Dr Charles Yesalis, a professor at Penn State university and the author of several books on the use of performance-enhancing drugs, was to the point when he told the New York Times: "Nothing's changing here. Somebody tell me why athletes won't go back to blood doping. These Games are going to be as drug-laden as the rest. This smacks of public relations. After four decades of pathetic behaviour the stench of hypocrisy is overwhelming."
Already there are some reasons to be fearful. In Australia this week it was disclosed that while the IOC shaped up tough by introducing the combination of the French and Australian tests, the reality was masked by some rather vague talk about the time period in which the tests could detect drug use. It transpires that the IOC declined the option of going alone with the more comprehensive test already developed by the Australian Sports Drug Laboratory.

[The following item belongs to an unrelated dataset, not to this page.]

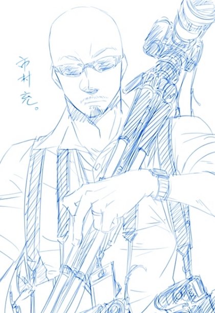 鶴見中尉を落書き。思わず色も付けたけど、団子に苦労した…

The tests which the IOC opted to use detect signs of EPO use in the previous 72 hours. The Australians were happy that they had a test which would detect use any time within the previous month. The benefits of EPO use are felt fully two weeks to a month after use. ASDL officials have stated that they felt their test, which detects use within the previous month, could have been and should have been the stand-alone test for the Games.
The Australians point out that theirs was the test used by the Chinese laboratory earlier this month in internal testing which led to the withdrawal from the Games of 27 Chinese competitors including those trained by the legendary Ma Junren.

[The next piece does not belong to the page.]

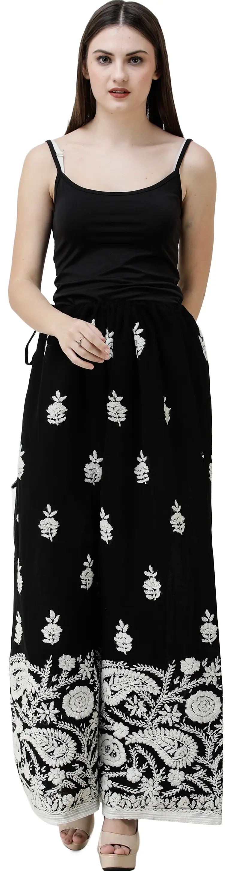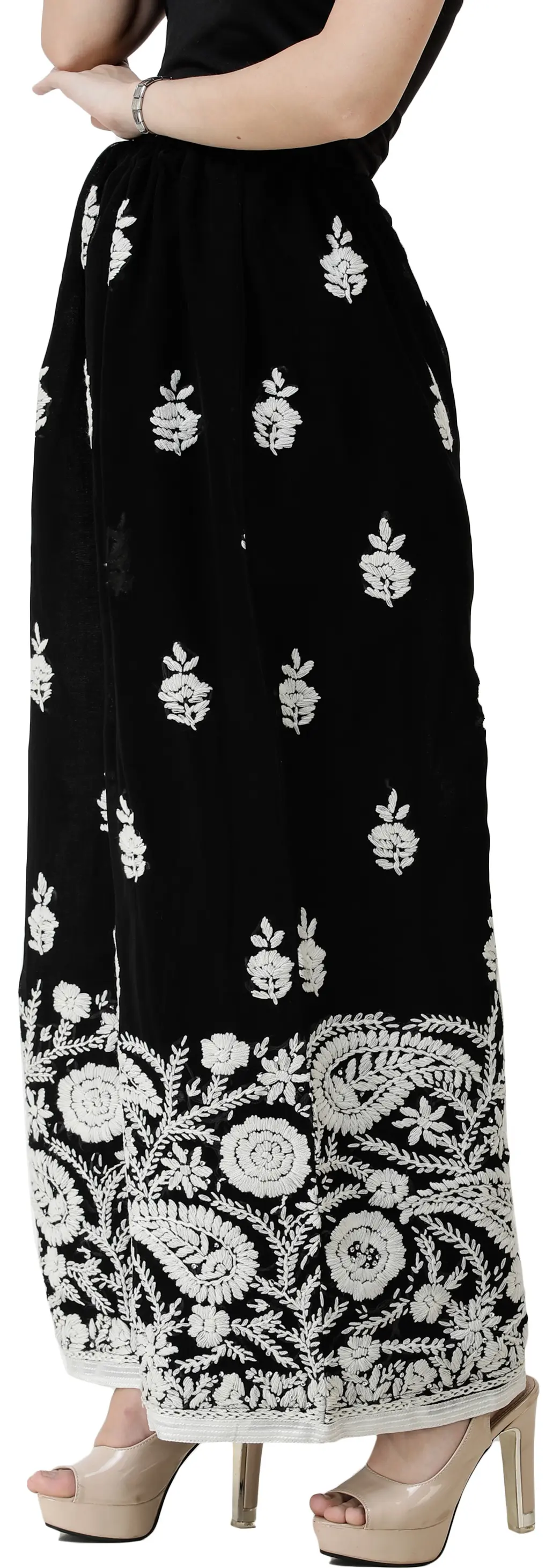 Step into a world of refined style with these exquisite palazzo trousers, a captivating blend of traditional craftsmanship and modern silhouettes. Crafted from a luxurious georgette fabric, these trousers offer a graceful drape and a light, airy feel, perfect for any occasion. The deep, sophisticated caviar-black hue serves as a dramatic canvas for the intricate, artisanal embroidery that adorns them.

In Sydney, because the back-up French urine test only detects use in the previous 72 hours, that will be the parameter for which all athletes are tested.
The scientist who developed the Australian test, Dr Robin Parisotto, was quoted on Australian television as saying that the one-month version "was the strength of the blood test, absolutely".
More alarmingly, in the clinical trials conducted by the ASDL, the month-long test revealed no false positives in over 3,000 tests, while the French 72-hour version has produced a handful of incorrect readings.
Still. The IOC may not have re-invented itself as the Elliott Ness of the locker-room syringe set, but performing about 900 blood tests as well as the usual batch of quaint urine tests is a start. The blood tests to be carried out in Sydney cost about $800 a time while the matching French urine test adds another $2,000 to the cost. At least some money is being tossed at the problem. Increased finance for research which has been made available since the foundation of the World Anti-Doping Agency (WADA) may yet mean that the IOC sabre-rattling is backed by something a little more potent.
So, too, is the attitude of Australian customs authorities who, not for the first time (remember the World Swimming Championship in Perth), have demonstrated that the criminal activity in the trafficking of sports drugs is lucrative and generally safer than dealing with edgy addicts. Detection rates in the business of smuggling performance-enhancing drugs and in the matter of re-directing them from their legitimate pharmaceutical use is lamentable.
With better research, the more determined approach of WADA, and an increased level of police interest in how amounts of drugs are diverted to athletes, there are reasons to be optimistic.
The improved version of the Australian test is likely to achieve approval some time soon, as is a new test being developed in California by the renowned drug detection expert Dr Don Catlin. Catlin, like Yesalis, didn't see the introduction of the IOC test as being tantamount to having won the war.
"There's probably a lot more drugs out there in sport than the general public would think. They'd be fairly horrified."
Catlin is right. People would be horrifed. That's the challenge, excising the cancer while keeping the patient alive.